Chitown is responsive to calls.


----------



## 6R15

Just make sure to look over your watch purchase like a hawk when you receive it to make sure it's actually new.


----------



## DocJekl

6R15 said:


> Just make sure to look over your watch purchase like a hawk when you receive it to make sure it's actually new.


The Grey Side of the Moon that Serge sent me was absolutely new, and I haven't heard of anyone buying "new" from him and getting used.


----------



## torifile

Do they discount from the price on the site or is it listed as the final price? Some places say they take offers.


----------



## Portland

torifile said:


> Do they discount from the price on the site or is it listed as the final price? Some places say they take offers.
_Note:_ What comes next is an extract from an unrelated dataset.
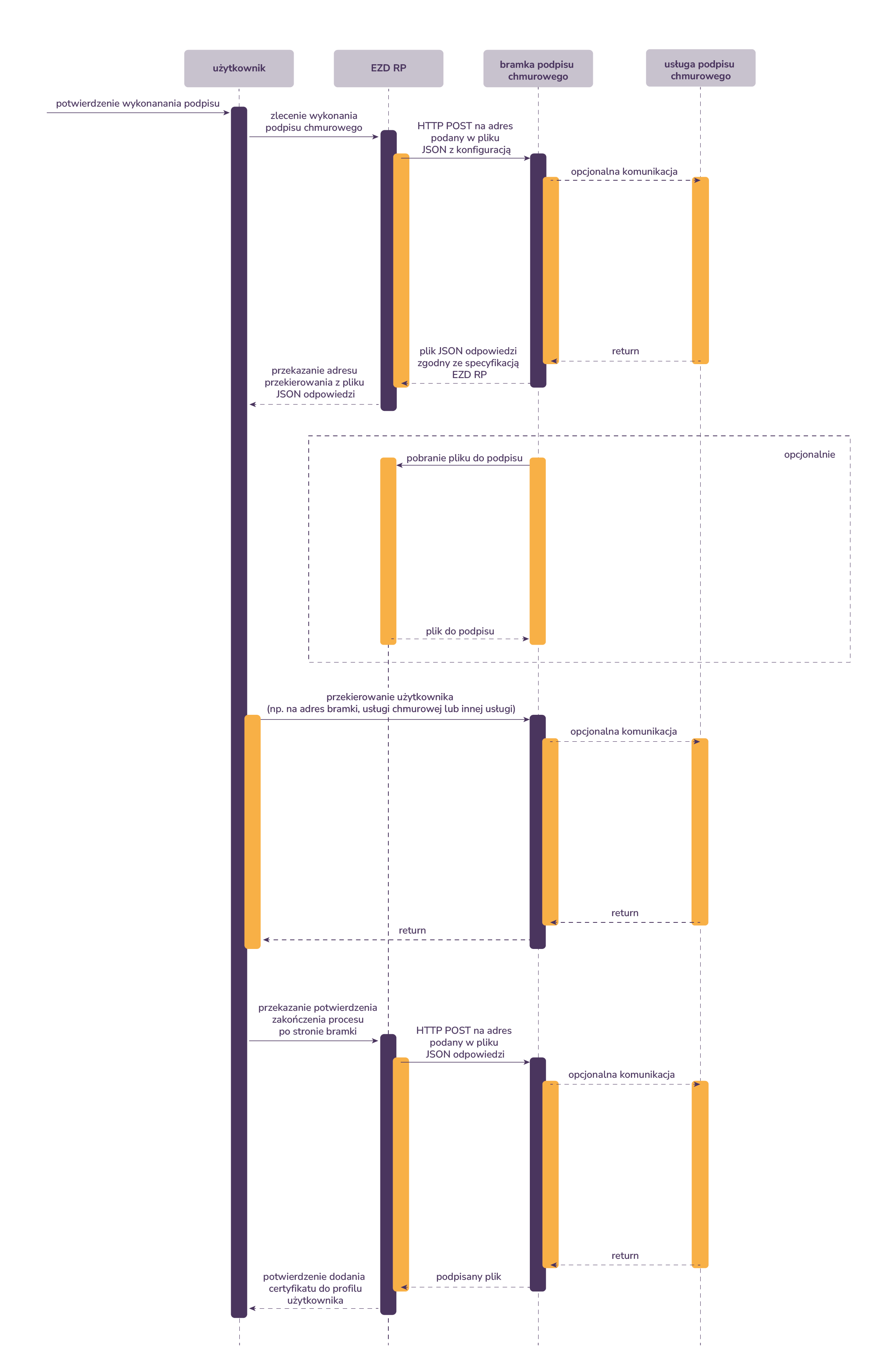 - implementacja i udostępnienie modułu pośredniczącego zgodnego z API opisanym w tej dokumentacji, który zapewnia komunikację między systemem EZD RP a usługami podpisu chmurowego;
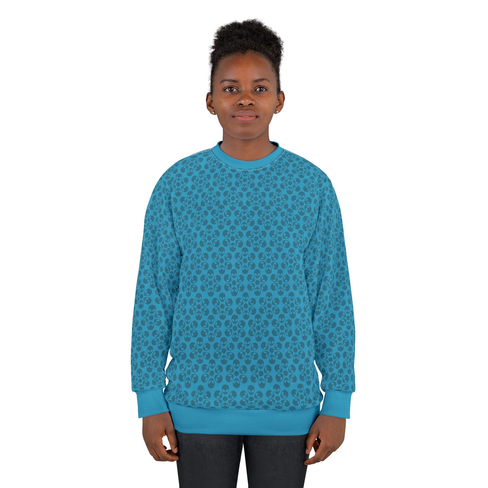Floral Pattern Unisex Sweatshirt Cozy Gift for Her Trendy Floral Everyday Wear Perfect for Fall Unique Comfortable Lounge Wear Alien Flowers Turquoise

I'd say Serge's prices are pretty freakin' discounted already.


----------



## 6R15

DocJekl said:


> The Grey Side of the Moon that Serge sent me was absolutely new, and I haven't heard of anyone buying "new" from him and getting used.


My luck is terribad then


----------



## torifile

Indeed they are but I'd be a fool not to ask!


----------



## FourT6and2

I just got a DSOTM from Chitown and I'm very happy!


----------



## DantonIzzo

I am going to give a +1 for Chitownwatch. Just bought a Speedy Pro from Serge. Got the watch in two days in perfect condition (appears to have been left in the original box that Omega shipped to AD), warranty card stamped by an AD in Europe, and price rivaling GM's prices. Can't beat it!


----------



## way1

Chitownwatches seems to be a nice way to get the omega I always wanted, might just give it a try.


----------



## mikeand

One more with a positive experience with Serge. Bought my Speedy Pro from him a couple months ago and everything went perfectly.


----------



## Caymadian

mikeand said:


> One more with a positive experience with Serge. Bought my Speedy Pro from him a couple months ago and everything went perfectly.


+1

Sent from my iPad using Tapatalk


----------



## blackberrycubed

For all those who bought the DSOM from Serge, did yours arrive sealed in the plastic box?


----------



## blackberrycubed

6R15 said:


> My luck is terribad then


were you sent a used one as new ?


----------



## SJMuller

After Jim at Continental retired, I looked for another dealer and found the PO I wanted at Chitown. In fact, Sergey took my call when he was in Europe.


----------



## 6R15

blackberrycubed said:


> were you sent a used one as new ?


Look at my thread history. And I miss Jim from Continental. :/


----------



## blackberrycubed

6R15 said:


> Look at my thread history. And I miss Jim from Continental. :/


Just read the thread. Thanks for posting it. We need threads like these to pop immediately and left there for future buyers as this helps keep sellers honest. Who knows if this thread was not created how many more buyers would have been "accidentally" sent a POS listed as new.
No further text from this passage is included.